» WHAT YOU NEED TO DO
The pictures in the listing below are to be skipped, while the lines between the line holding "TEMU 우아한 시스루" and the line holding "プラダ バレエシューズ フラットシューズ", inclusive, are to be output exactly.

» RECORDS SUPPLIED

+---+

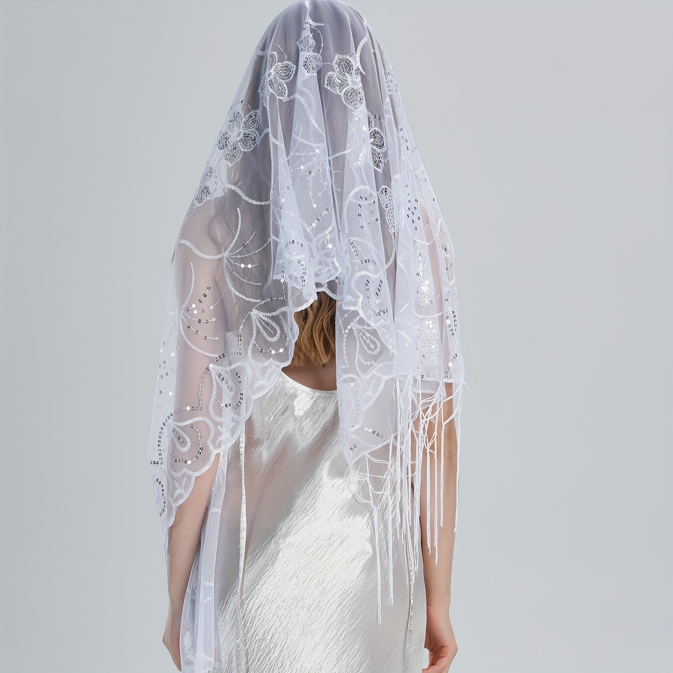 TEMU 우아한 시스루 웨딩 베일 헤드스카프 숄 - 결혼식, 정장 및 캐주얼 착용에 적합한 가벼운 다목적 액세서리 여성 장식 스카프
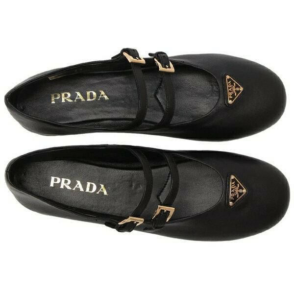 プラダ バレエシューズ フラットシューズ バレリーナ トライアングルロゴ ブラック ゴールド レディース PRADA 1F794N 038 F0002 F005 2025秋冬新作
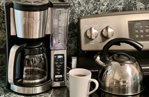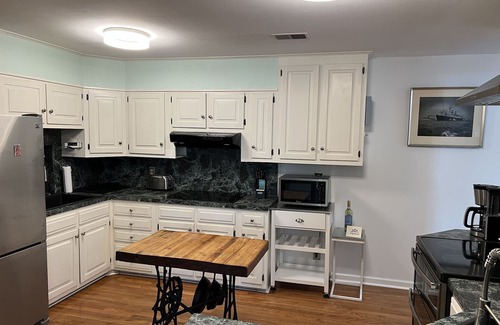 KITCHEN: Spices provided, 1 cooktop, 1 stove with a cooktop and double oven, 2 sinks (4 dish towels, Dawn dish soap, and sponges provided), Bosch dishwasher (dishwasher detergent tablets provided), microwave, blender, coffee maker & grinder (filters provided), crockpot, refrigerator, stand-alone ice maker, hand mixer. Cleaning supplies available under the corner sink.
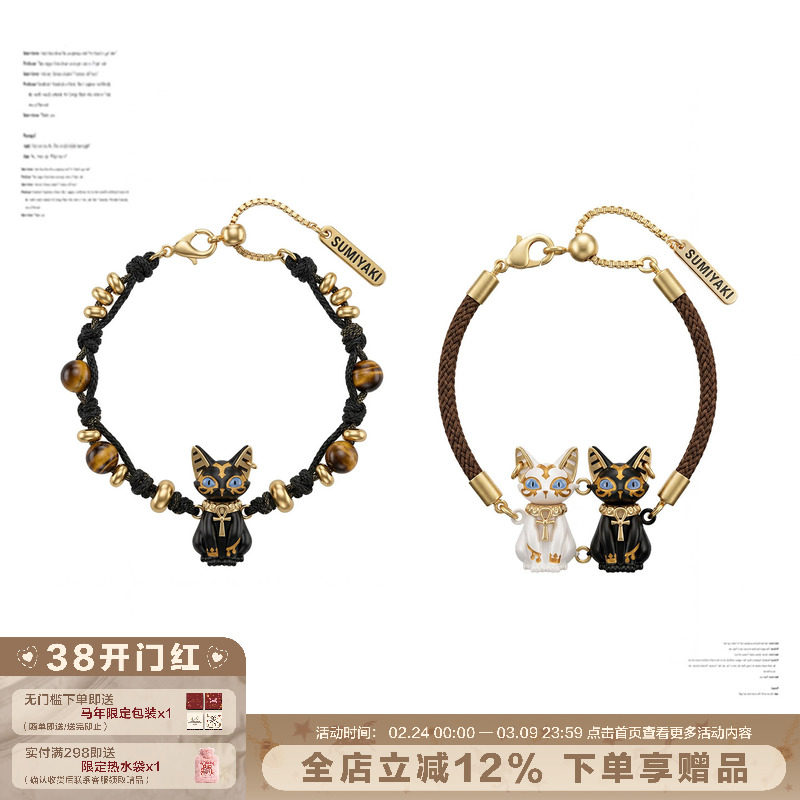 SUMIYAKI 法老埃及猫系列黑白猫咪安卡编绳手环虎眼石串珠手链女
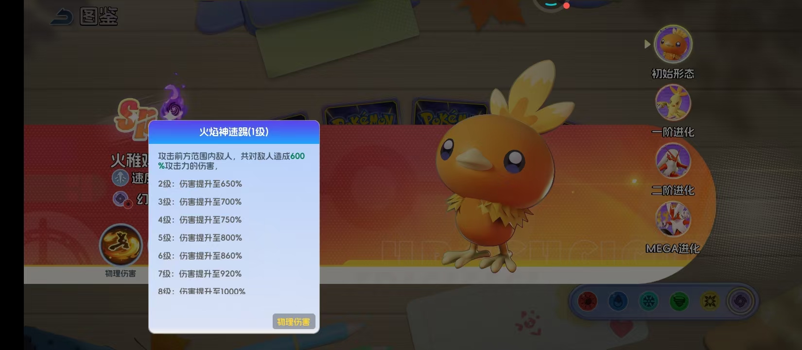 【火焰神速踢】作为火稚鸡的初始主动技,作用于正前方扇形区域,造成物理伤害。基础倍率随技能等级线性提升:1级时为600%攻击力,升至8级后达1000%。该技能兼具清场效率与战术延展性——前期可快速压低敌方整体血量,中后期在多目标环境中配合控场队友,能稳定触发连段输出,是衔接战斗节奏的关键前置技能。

+---+

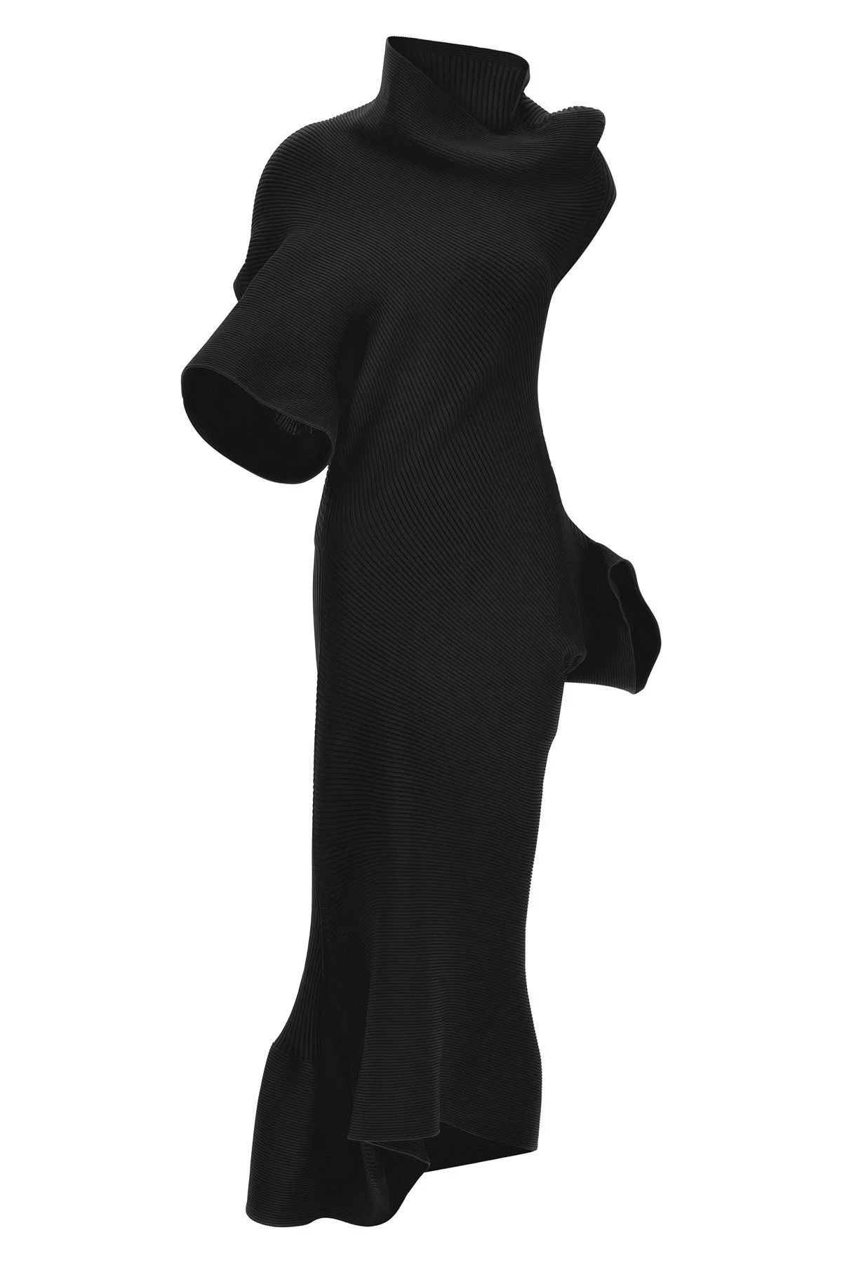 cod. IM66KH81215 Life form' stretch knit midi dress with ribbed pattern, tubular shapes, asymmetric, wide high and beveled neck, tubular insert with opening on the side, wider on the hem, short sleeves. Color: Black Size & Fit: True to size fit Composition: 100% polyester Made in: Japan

+---+

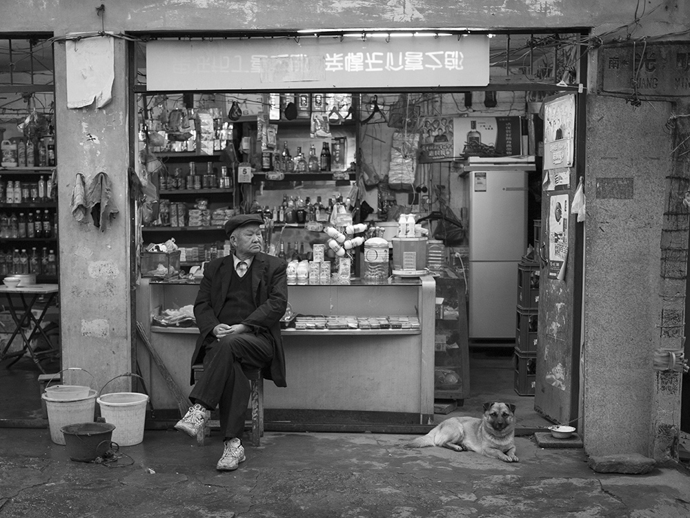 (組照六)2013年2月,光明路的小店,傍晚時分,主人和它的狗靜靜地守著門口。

+---+

» OUTPUT FOR THIS EXERCISE
 TEMU 우아한 시스루 웨딩 베일 헤드스카프 숄 - 결혼식, 정장 및 캐주얼 착용에 적합한 가벼운 다목적 액세서리 여성 장식 스카프
 プラダ バレエシューズ フラットシューズ バレリーナ トライアングルロゴ ブラック ゴールド レディース PRADA 1F794N 038 F0002 F005 2025秋冬新作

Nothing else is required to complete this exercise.